**Data excerpts:**
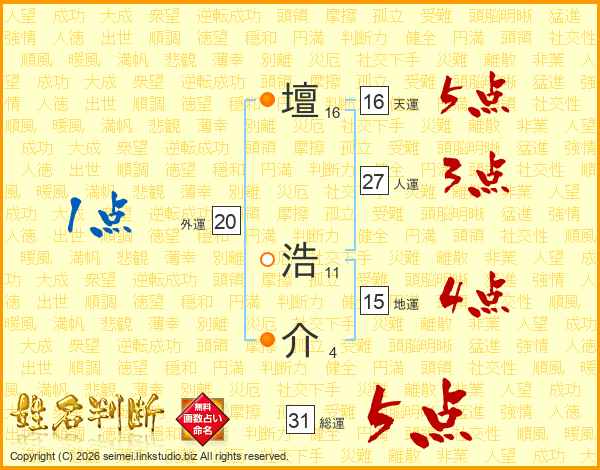 壇浩介さんの総運は31画の5点!
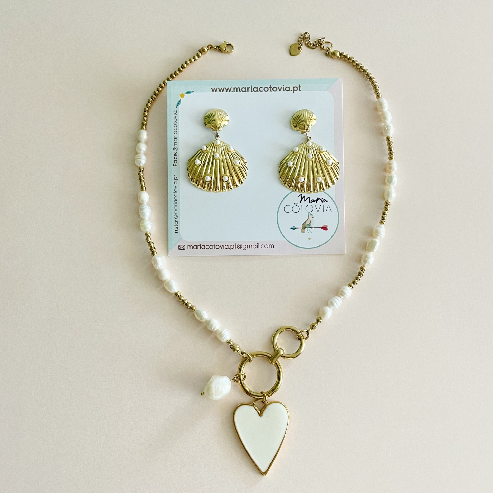 Home Colares Colar coração ou brincos concha Colar coração ou brincos concha Modelo Colar Brincos 8,00 € Desconto de %. IVA incluído. Comprar Contactar Adicionar à wishlist Colar mede 41cm + extensão (Pérolas água doce e aço) Brincos 4cm -Aço Por favor, escolha o artigo pretendido. Cada peça é vendida separadamente Tags colarAçoPérolasconchaCoração Partilhar
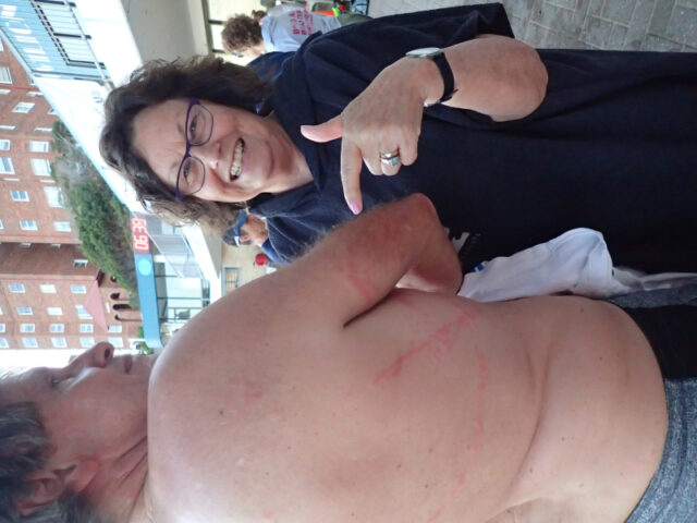 Ian was the centre of attention after his attack yesterday. All the girls wanted to see the damage.
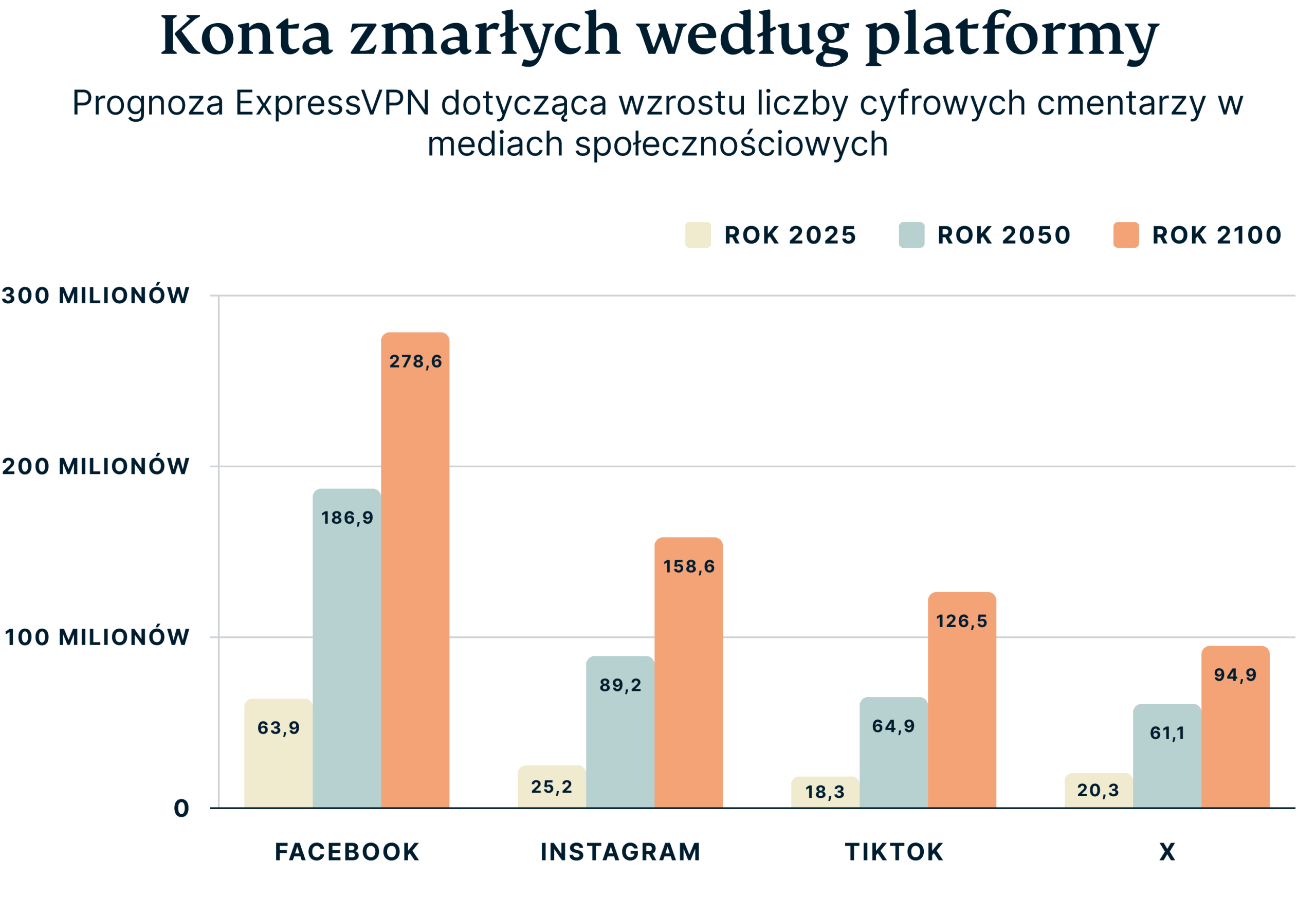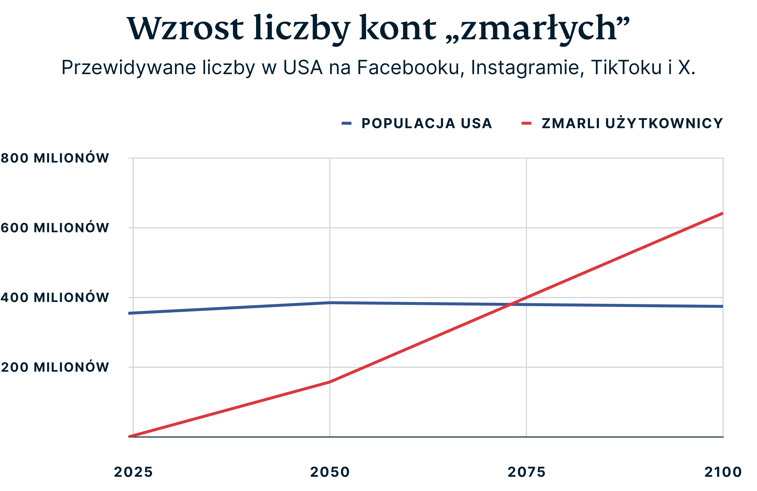 • W szczególności wyróżnia się sytuacja w Stanach Zjednoczonych, gdzie do 2100 roku spodziewamy się 659 milionów kont zmarłych, czyli prawie dwukrotnie więcej niż wynosi populacja tego kraju.
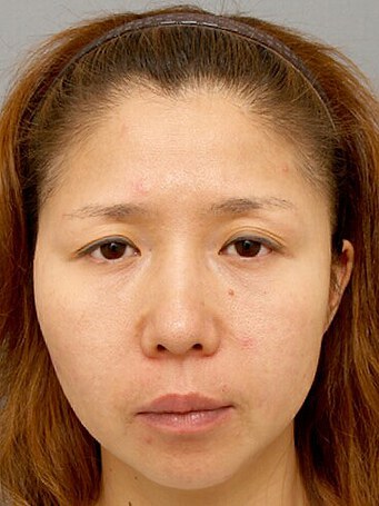 ポニーテールリフト(小切開こめかみリフト)でたるみを改善された方。リフトアップ効果で、下がり気味だった眉毛や目が引き上げられ、顔立ちにメリハリが出ました。またあごなどのフェイスラインもくっきり。手術前より小顔に見えます。
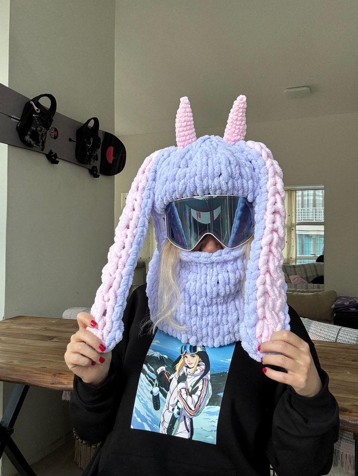 Mor ve pembe pastel tonlarında, boynunu da kapatan örgü kadın bere, özgün boynuz detayları ve uzun örgü saçlarıyla rahat ve avant-garde tarz sunar.

**WORK INSTRUCTION:** Without the pictures, return the entries exactly as they appear.

**SOLUTION TO THIS EXERCISE:**
 壇浩介さんの総運は31画の5点!
 Home Colares Colar coração ou brincos concha Colar coração ou brincos concha Modelo Colar Brincos 8,00 € Desconto de %. IVA incluído. Comprar Contactar Adicionar à wishlist Colar mede 41cm + extensão (Pérolas água doce e aço) Brincos 4cm -Aço Por favor, escolha o artigo pretendido. Cada peça é vendida separadamente Tags colarAçoPérolasconchaCoração Partilhar
 Ian was the centre of attention after his attack yesterday. All the girls wanted to see the damage.
 • W szczególności wyróżnia się sytuacja w Stanach Zjednoczonych, gdzie do 2100 roku spodziewamy się 659 milionów kont zmarłych, czyli prawie dwukrotnie więcej niż wynosi populacja tego kraju.
 ポニーテールリフト(小切開こめかみリフト)でたるみを改善された方。リフトアップ効果で、下がり気味だった眉毛や目が引き上げられ、顔立ちにメリハリが出ました。またあごなどのフェイスラインもくっきり。手術前より小顔に見えます。
 Mor ve pembe pastel tonlarında, boynunu da kapatan örgü kadın bere, özgün boynuz detayları ve uzun örgü saçlarıyla rahat ve avant-garde tarz sunar.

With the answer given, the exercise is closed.